A(1, 4), B(3, 2) and C(7, 5) are vertices of a triangle ABC. Find :

(i) the co-ordinates of the centroid of triangle ABC.

(ii) the equation of a line, through the centroid and parallel to AB.

(i) Centroid of triangle = $\Big(\dfrac{x$1 + x2 + x3}{3}, \dfrac{y1 + y2 + y3}{3}\Big)

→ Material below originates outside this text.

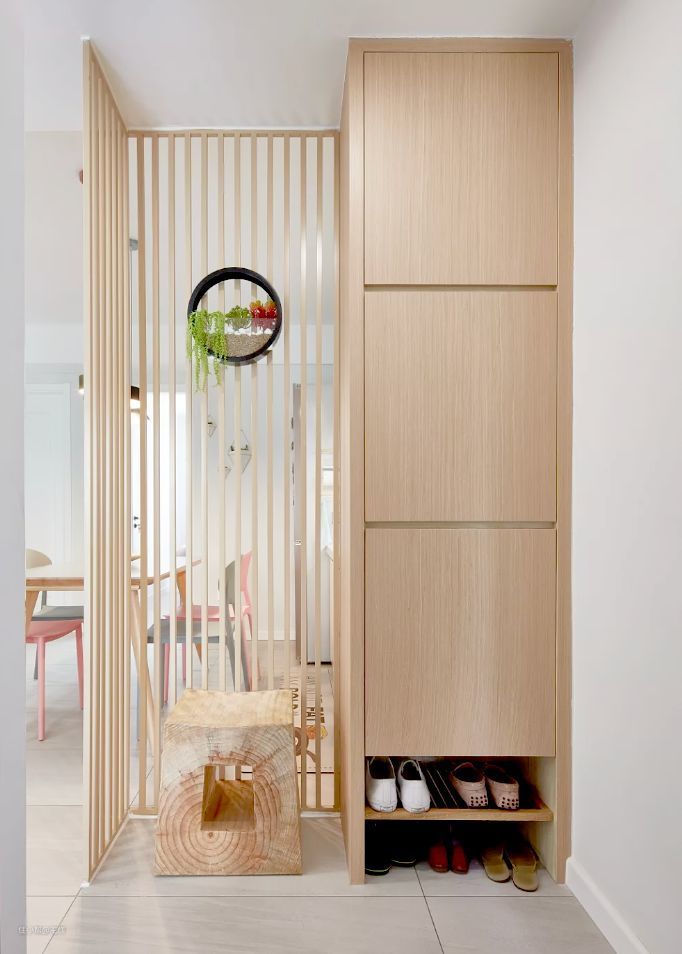 上半部分采用镂空隔断,最大化地保证空气流通;下半部分则利用收纳型柜体加以组合,既可起到基本的遮掩作用,又发挥了一定的收纳功能,让人一进门就体味到家的温馨。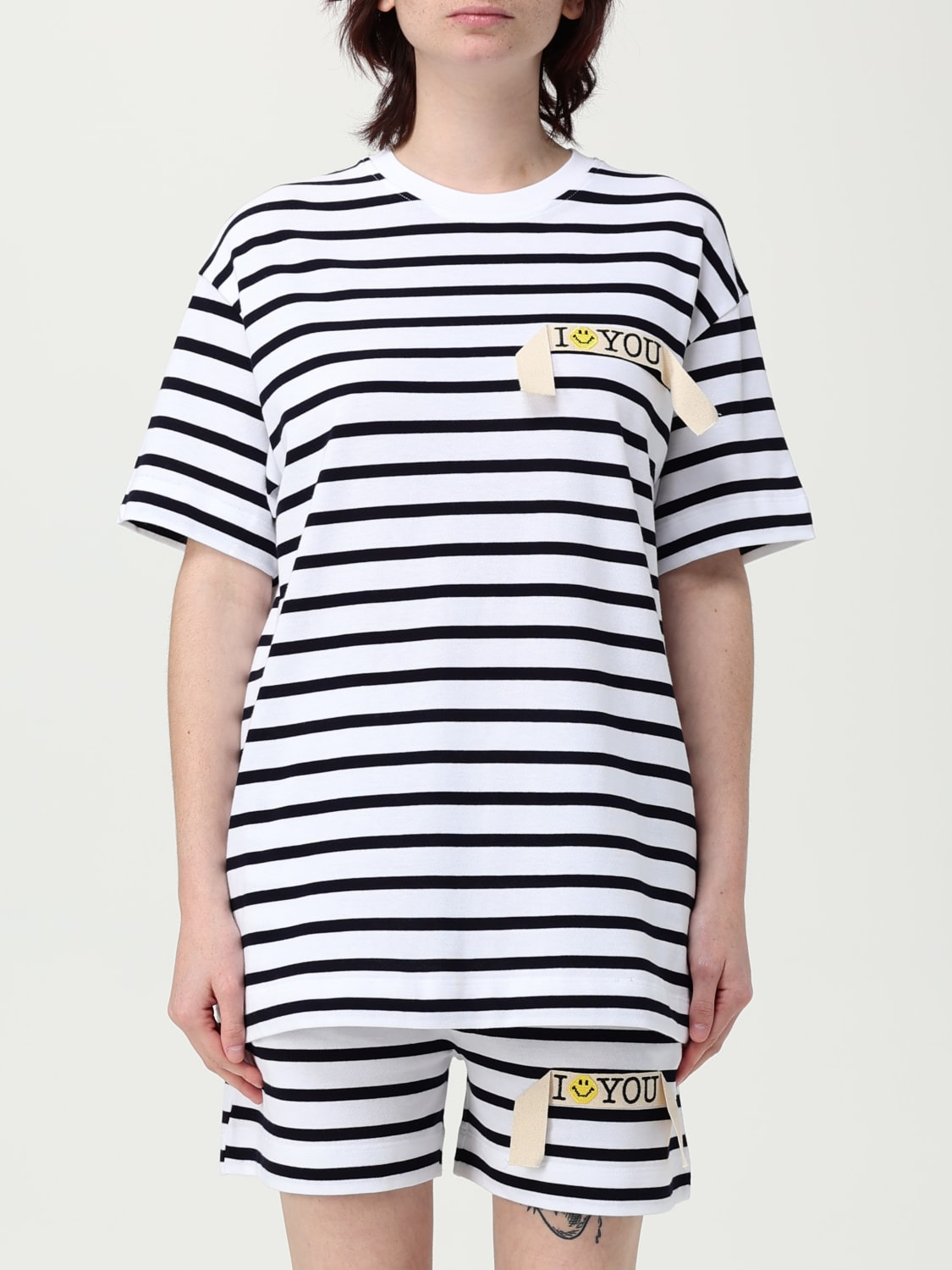 DESCRIPTION - Style: Contemporary, Sporty - Model: Crewneck - Neckline: Crewneck - Shoulders: Relaxed - Sleeves: Short - Bottom: With straight hemline - Logo: With logo - Materials: Cotton - Pattern: Two-tone stripes DETAILS AND CARE Composition 100% CO SIZE AND FIT Sizes not available Size and fit Regular fit Designer code: JS35A15108 BU Giglio Code: H01999 Designer: Joshua Sanders Collection: Joshua Sanders Woman Category: Clothing Joshua Sanders

Substituting values we get,

$\text{Centroid } = \Big(\dfrac{1 + 3 + 7}{3}, \dfrac{4 + 2 + 5}{3}\Big) \\[1em] = \Big(\dfrac{11}{3}, \dfrac{11}{3}\Big).$

Hence, centroid of triangle = $\Big(\dfrac{11}{3}, \dfrac{11}{3}\Big).$

(ii) $\text{Slope of AB} = \dfrac{2 - 4}{3 - 1} \\[1em] = \dfrac{-2}{2} = -1.$

Slope of line parallel to AB will also be equal to -1.

By point-slope form,

Equation of a line, through the centroid and parallel to AB,

⇒ y - y₁ = m(x - x₁)

$\Rightarrow y - \dfrac{11}{3} = -1\Big(x - \dfrac{11}{3}\Big) \\[1em] \Rightarrow \dfrac{3y - 11}{3} = -1 \times \dfrac{3x - 11}{3} \\[1em] \Rightarrow 3y - 11 = -1(3x - 11) \\[1em] \Rightarrow 3y - 11 = -3x + 11 \\[1em] \Rightarrow 3y + 3x = 11 + 11 \\[1em] \Rightarrow 3x + 3y = 22.$

Hence, the equation of a line, through the centroid and parallel to AB is 3x + 3y = 22.